Однако Рысев заговорил, и голос его оказался неожиданно низок и глубок, к тому же он как будто не был смущен или раздосадован тем, как долго и пристально разглядывала его Ирэн. Напротив, молчанием и неподвижностью своей он снисходительно давал ей возможность довести начатое дело до конца.
– Я много слышал о вас, баронесса, и теперь рад тому, что в очередной раз убедился: все слухи – вздор.
– Как прикажете понимать вас?
– Зачем же вы спрашиваете, ведь хорошо поняли меня, потому что, в сущности, я сказал пошлость.
– О, это что-то новенькое, продолжайте, господин Рысев, или вам угодно, чтобы я звала вас господином Вороном?
– Это как вам будет угодно, мне любое мое имя так же мало ласкает слух, как имя любого другого человека – я людей не люблю и для себя исключения не делаю.
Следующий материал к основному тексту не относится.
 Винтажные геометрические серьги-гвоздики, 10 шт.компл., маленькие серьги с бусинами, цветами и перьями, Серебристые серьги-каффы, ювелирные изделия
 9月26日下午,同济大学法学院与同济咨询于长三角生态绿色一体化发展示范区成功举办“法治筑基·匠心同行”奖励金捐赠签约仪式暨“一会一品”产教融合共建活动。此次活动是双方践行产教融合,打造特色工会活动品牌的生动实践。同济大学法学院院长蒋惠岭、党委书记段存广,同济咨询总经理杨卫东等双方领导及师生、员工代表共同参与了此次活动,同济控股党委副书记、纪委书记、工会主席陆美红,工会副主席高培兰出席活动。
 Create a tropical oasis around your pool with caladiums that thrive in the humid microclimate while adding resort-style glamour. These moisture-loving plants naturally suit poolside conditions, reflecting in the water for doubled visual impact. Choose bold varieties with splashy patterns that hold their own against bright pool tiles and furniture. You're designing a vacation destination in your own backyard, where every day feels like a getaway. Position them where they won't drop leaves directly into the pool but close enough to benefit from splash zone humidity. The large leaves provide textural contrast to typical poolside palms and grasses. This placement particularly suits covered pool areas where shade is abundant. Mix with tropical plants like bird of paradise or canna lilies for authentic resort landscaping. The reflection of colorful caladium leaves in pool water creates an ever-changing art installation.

Кстати, теперь я опять говорю пошлость, из тех, что приводят в восторг экзальтированных смольнянок. Вы же, милостивая государыня, к их числу принадлежать не изволите, посему не лукавьте, вам не идет. Ничего нового я вам не сказал, потому что я сказал вам вот что: «Слухи о вашей красоте будоражат город, но слухи – вздор, потому что на самом деле вы гораздо лучше». Так вот, эту пошлость вам, очевидно, говорит каждый, кто имеет честь быть представлен или, уж по крайней мере, каждый второй. Станете ли теперь утверждать, что я не прав?
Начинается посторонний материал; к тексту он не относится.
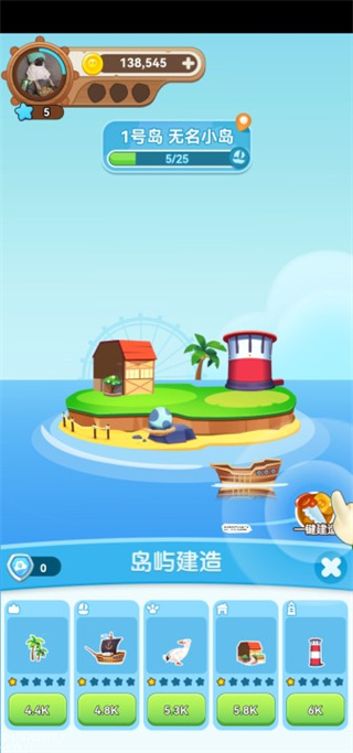 当前岛屿建成后,可前往新的岛屿继续挑战。
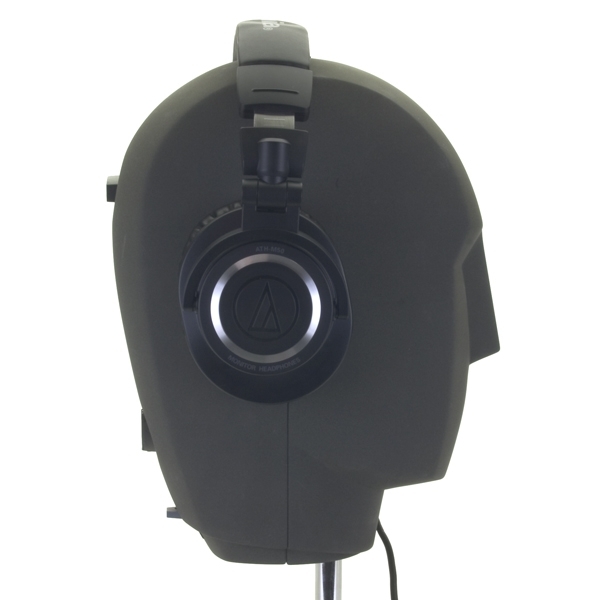 The ATH-M50s' are constructed of high quality plastic with chrome highlights. There headband and ear covers are padded and covered in pleather. The cans sit easily over the ears and are held securely. Some might say a bit too securely. I don't have the largest head on the planet (thankfully head size is not proportional with ego) but I felt when I first put on the ATH-M50s' that they were a little snug. Honestly, I was worried that they'd give me a headache after a while. During my testing I didn't find this to be the case but if you feel you have a large head (or larger than mine) you should take this into account. For reference, I measured my head and I wear a 7-1/2 to 7-3/8 hat.

– Не стану. Но зачем же вы говорите пошлости?
– Не обидитесь, если скажу честно?
– Нет, обещаю.
– От лени. Лень думать над серьезной фразой. Хотя вы ее заслужили.
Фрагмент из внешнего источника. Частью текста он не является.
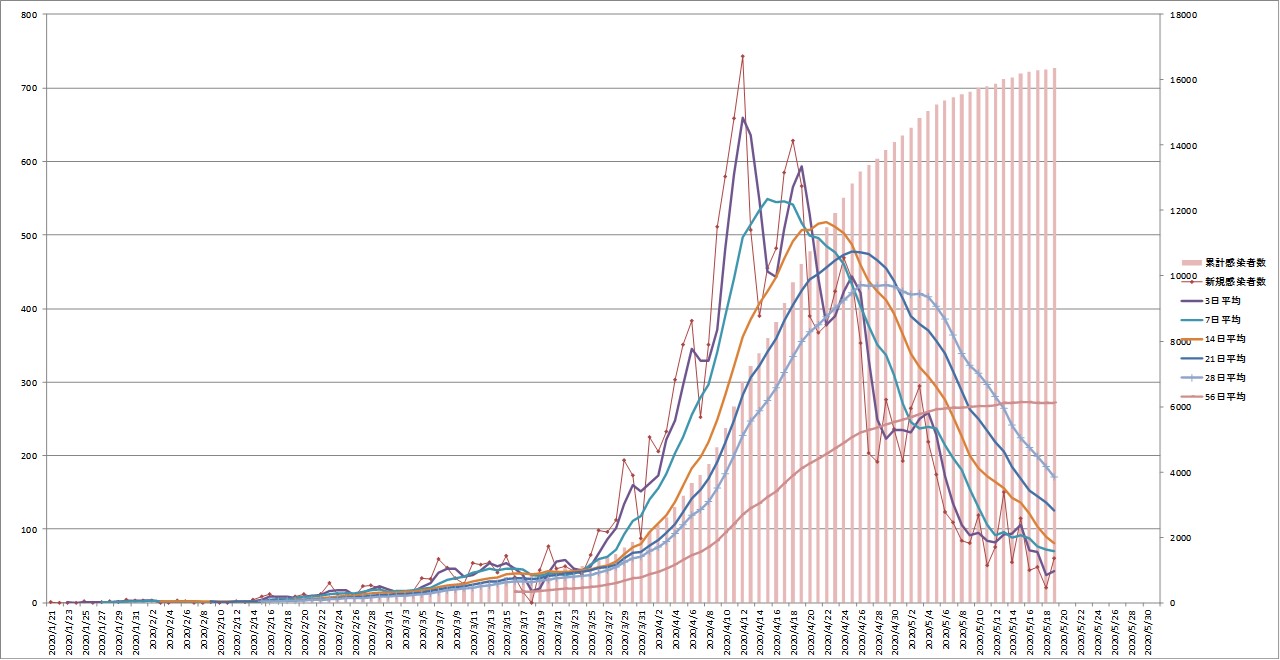 [写真:日本の感染者推移:明らかな下降トレンドになっている。平均線を見ると、おそらく4月5日以降数日間で感染した人が最も多いのではないかと推測される。緊急事態宣言は悪いタイミングではなかったかもしれない。
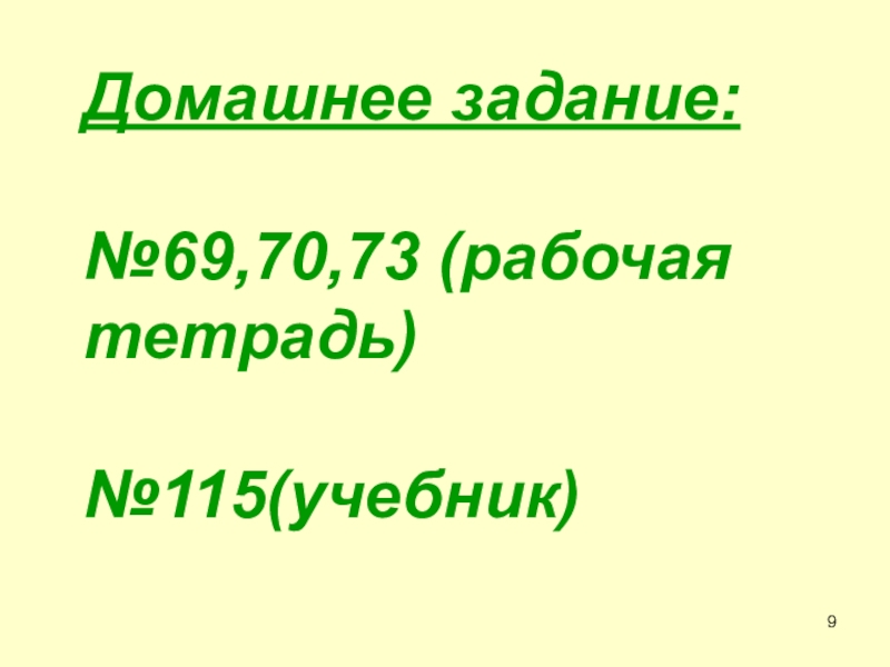Домашнее задание:№69,70,73 (рабочая тетрадь)№115(учебник)

– Что такое я заслужила, господин пиит?
– Чтобы о вашей красоте говорить серьезно без пошлых дифирамбов и жалкого рифмоплетства. Вы чертовски, именно чертовски красивы. Бог не стал бы творить женщину такой – слишком велик соблазн страсти, именно страсти – не любви, а страсть – грех по его, Божьему, разумению. Признайтесь, вас ведь не любит никто и вам любовь не ведома? А вот страсть к вам сжигает дьявольским огнем не одну смертную душу, увлекая ее в геенну безвозвратно, заметьте. И вам страсть известна давно и в разных ее проявлениях. Вы – и есть сама страсть, явленная несчастным перед страшным концом, вот что скажу я вам, бедный пиит. И это уже не пошлость. Видите ли теперь разницу?
– Да вы-то откуда про все то знаете, не из пошлых ли слухов обо мне?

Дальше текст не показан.